Javier Milei “wants to replace the peso with the dollar, and says that Argentina’s Central Bank should be abolished, and that he thinks climate change is a lie. He has characterized sex education as a ploy to destroy the family and has said that he believes the sale of human organs should be legal and it should be easier for Argentines to own handguns.”
“You are a fucking full-on dick! You better recalculate, motherfucker!”— Rep. Ronny Jackson (R-TX.) to a Texas state trooper in bodycam footage.
“The ruble hit a 17-month low against the dollar Monday, highlighting the growing squeeze on Russia’s economy from Western sanctions and a slump in export revenues,” CNN reports.
Jonathan Martin: “Mitch McConnell has made it his practice to dodge questions about Donald Trump. Whether it be Trump’s bid to reclaim office, the mounting indictments leveled against the former president or even Trump’s racist mockery of McConnell’s wife, the Senate Republican leader avoids engaging a man he disdains.”
“Which is why it was so striking last month to sit in McConnell’s Capitol office and have him repeatedly steer our conversation toward Trump.
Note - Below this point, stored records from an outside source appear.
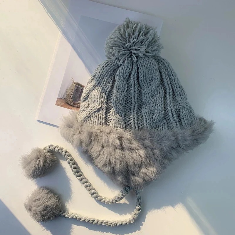新作ハット帽子レディース秋冬ニット帽耳あて防寒保温可愛いニット帽子ファー付き暖かい帽子ニットケーブル編みドッキングニットハットストレッチ裏地付き寒さ対策耳当
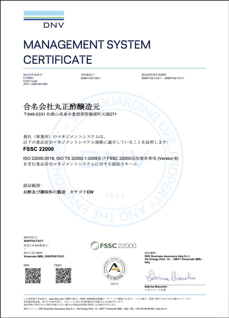 2026年2月2日にて、FSSC22000 を取得いたしました。
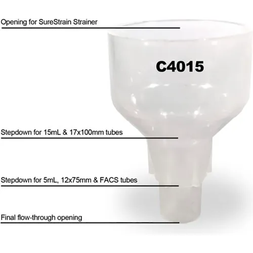 <p><strong>C401, Reducing Adapter for use with 15mL, 17x100mm, 12x75mm and 5mL conical tubes, (Patent Pending)</strong></p>
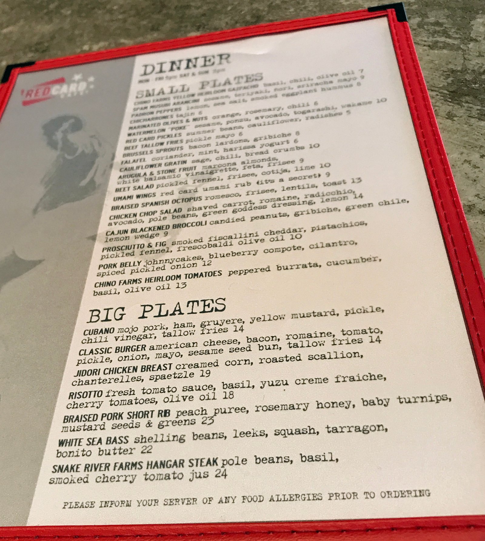 Over the last five or six years, we've often found that appetizers and small plates are the way to go for us. Kitchens will often take a bit more chances and stretch out a bit. Our strategy at Red Card was no different.
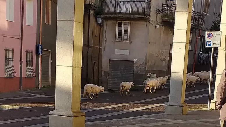 Una simpatica immagine che ha riportato la memoria di molti indietro nel tempo, quando, nel corso delle transumanze, era più frequente vedere le pecore nel centro abitato.
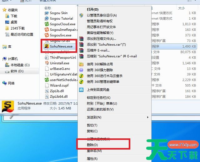 3、打开“SogouInput”文件夹,可以看到一个纯数字文件夹,这个是搜狗的版本号,点击进入,然后找到搜狐新闻的exe程序,右键打开菜单,选择删除即可。
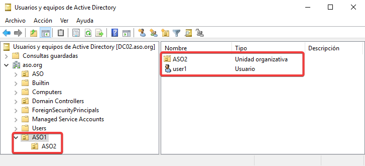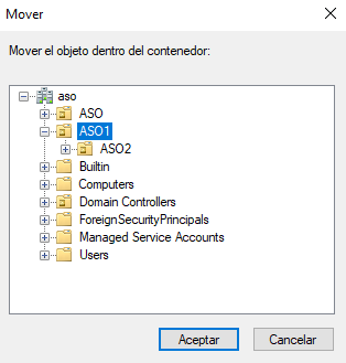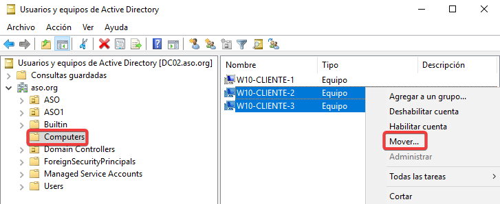 Para que esta configuración funcione, tendremos que mover los equipos a la Unidad Organizativa ASO1.
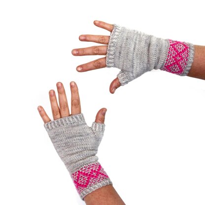 The Shine On Mitts are worked in the round, bottom up, with both charted and written instructions included.
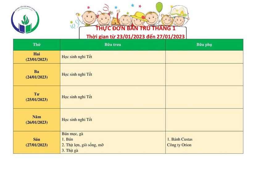 Thực đơn bán trú (Áp dụng từ ngày 23/01 – 27/01/2023)
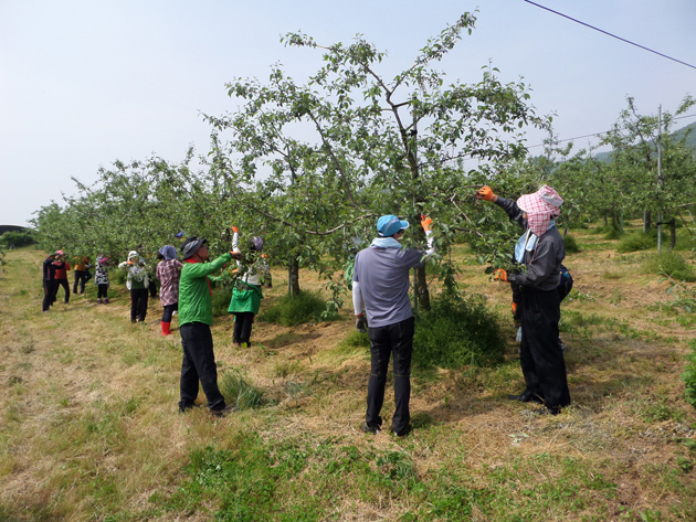 ▲ 홍성농업협동조합(조합장 정해명) 임직원 30여명은 지난 25일 홍성읍 월산리 정장로 씨 농가에서 사과 적과작업을 실시했다. 저작권자 © 홍주일보 무단전재 및 재배포 금지 최선경 기자 다른기사 보기 페이스북 카카오톡 URL복사 기사공유하기
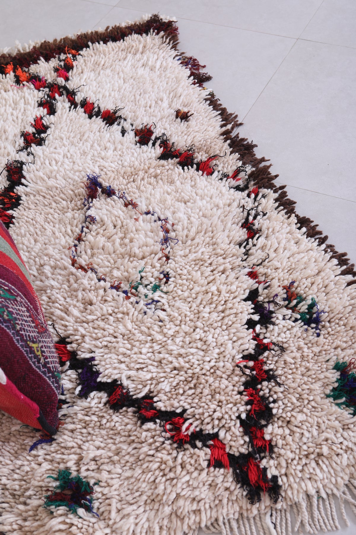 Handmade pink and white wool Moroccan rug - 3.9 ft x 5.6 ft
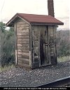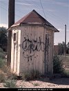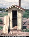 Booths also survived at nearly every siding on the line from Belen, NM to El Paso, TX in the 1980's. On this line, though, it seemed as though virtually every booth was different. We begin at San Acacia, NM, north of Socorro, with a booth considerably wider than Chisum's, and clad in clapboard siding. | ||||
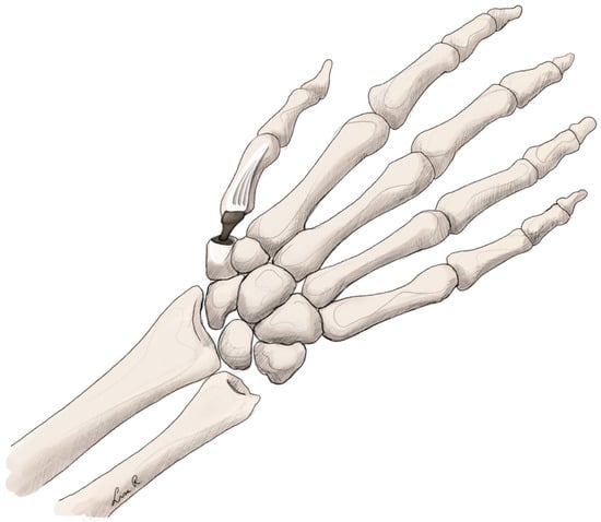 - Thorkildsen, R.D.; Røkkum, M. Trapeziectomy with LRTI or joint replacement for CMC1 arthritis, a randomised controlled trial. J. Plast. Surg. Hand Surg. 2019, 53, 361–369. [Google Scholar] [CrossRef]
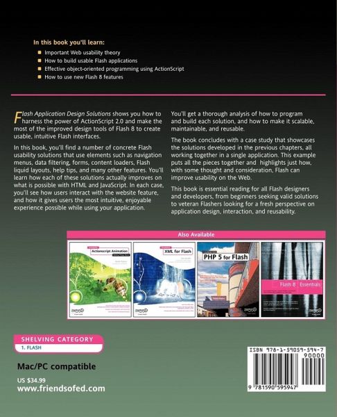This book is essential reading for all Flash designers and developers, from beginners seeking valid solutions to veteran Flashers looking for a fresh perspective on application design, interaction, and reusability.
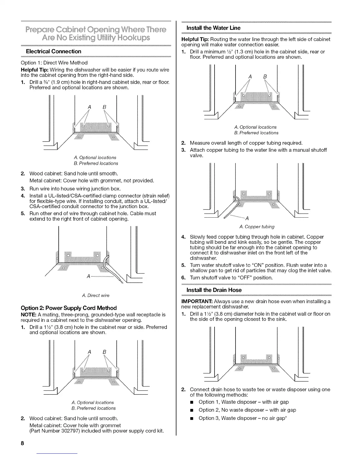 1. Drill a 1V2"(3.8 cm) hole in the cabinet rear or side. Preferred
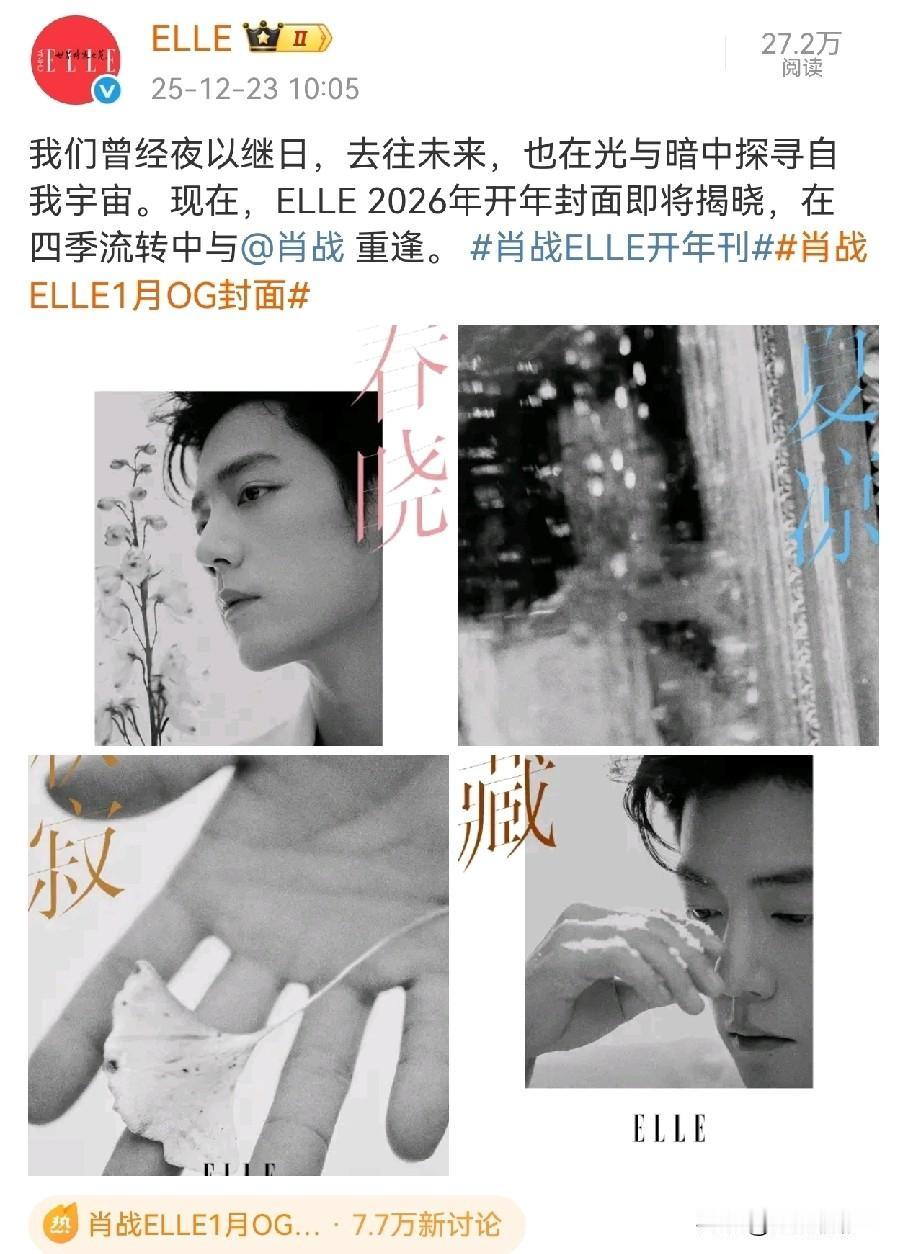肖战ELLE开年刊来了,单人单封 ,开年大刊,时尚界和业内已经默认能请来肖战拍杂志,就该给最顶级的待遇,这就是口碑。

I was there to discuss his forceful and out-of-vogue campaign to keep Republicans defending Ukraine and, more broadly, on the Reaganite path of projecting strength abroad. And at every turn, McConnell made plain it was his way of battling what Trump has done to the party.”
“A federal judge dismissed a lawsuit Monday from conservative groups looking to block student loan forgiveness for some 804,000 borrowers,” Axios reports.
“The decision marks a win for student loan borrowers and for President Biden, who promised to continue pursuing debt relief after the Supreme Court’s decision last month to strike down his administration’s loan forgiveness plan.”
Gov. Ron DeSantis told CNBC that he and his allies have “basically moved on” from the feud with Disney. Said DeSantis: “I would just say, go back to what you did well. I think it’s going to be the right business decision, and all that.” Nope. You started this DeSantis, Disney will end it.
Steve Bannon’s bid to stay out of prison will go before a federal appeals court panel on October 12 in Washington D.C., The Messenger reports.
“North Korea is punishing women who try to beat the summer heat by wearing shorts, with authorities saying shorts with a length above the knee are an infiltration of capitalist fashion – but only if the wearer is female,” Radio Free Asia reports.